• [EXERCISE REQUIREMENTS]
Lines from the records below that contain the word "more" are to be copied out.

• [DATA PROVIDED]

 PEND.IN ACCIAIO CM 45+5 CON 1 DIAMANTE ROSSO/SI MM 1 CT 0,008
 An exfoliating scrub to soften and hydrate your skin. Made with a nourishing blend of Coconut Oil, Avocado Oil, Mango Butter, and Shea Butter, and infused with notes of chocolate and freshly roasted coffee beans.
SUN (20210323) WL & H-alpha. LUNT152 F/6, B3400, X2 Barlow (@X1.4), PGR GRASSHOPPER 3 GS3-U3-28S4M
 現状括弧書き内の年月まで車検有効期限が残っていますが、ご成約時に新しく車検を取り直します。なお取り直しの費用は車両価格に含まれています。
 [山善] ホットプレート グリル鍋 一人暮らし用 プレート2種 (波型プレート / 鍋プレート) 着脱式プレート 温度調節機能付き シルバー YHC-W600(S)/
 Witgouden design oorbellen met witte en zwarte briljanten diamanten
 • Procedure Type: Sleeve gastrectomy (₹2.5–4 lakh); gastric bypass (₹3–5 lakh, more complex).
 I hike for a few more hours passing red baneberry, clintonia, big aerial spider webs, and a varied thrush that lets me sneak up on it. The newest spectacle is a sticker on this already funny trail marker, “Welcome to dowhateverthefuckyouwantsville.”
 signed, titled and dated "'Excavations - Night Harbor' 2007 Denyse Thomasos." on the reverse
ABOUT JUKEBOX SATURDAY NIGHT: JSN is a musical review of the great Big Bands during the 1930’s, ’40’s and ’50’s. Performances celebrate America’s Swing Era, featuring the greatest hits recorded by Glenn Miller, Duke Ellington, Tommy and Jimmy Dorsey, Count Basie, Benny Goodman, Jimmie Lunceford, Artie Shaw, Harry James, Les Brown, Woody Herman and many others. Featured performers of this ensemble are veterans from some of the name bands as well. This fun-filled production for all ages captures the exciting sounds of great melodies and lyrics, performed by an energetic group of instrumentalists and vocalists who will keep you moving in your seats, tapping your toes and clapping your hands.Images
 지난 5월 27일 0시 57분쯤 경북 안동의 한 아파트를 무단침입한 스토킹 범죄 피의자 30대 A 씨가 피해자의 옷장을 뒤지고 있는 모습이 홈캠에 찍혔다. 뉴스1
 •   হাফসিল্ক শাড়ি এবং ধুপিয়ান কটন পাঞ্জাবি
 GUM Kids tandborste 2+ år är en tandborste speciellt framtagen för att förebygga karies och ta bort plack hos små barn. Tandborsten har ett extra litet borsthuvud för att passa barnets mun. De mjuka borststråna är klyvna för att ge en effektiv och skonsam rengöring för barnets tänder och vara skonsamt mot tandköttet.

• [RESULT FOR THIS EXERCISE]
 • Procedure Type: Sleeve gastrectomy (₹2.5–4 lakh); gastric bypass (₹3–5 lakh, more complex).
 I hike for a few more hours passing red baneberry, clintonia, big aerial spider webs, and a varied thrush that lets me sneak up on it. The newest spectacle is a sticker on this already funny trail marker, “Welcome to dowhateverthefuckyouwantsville.”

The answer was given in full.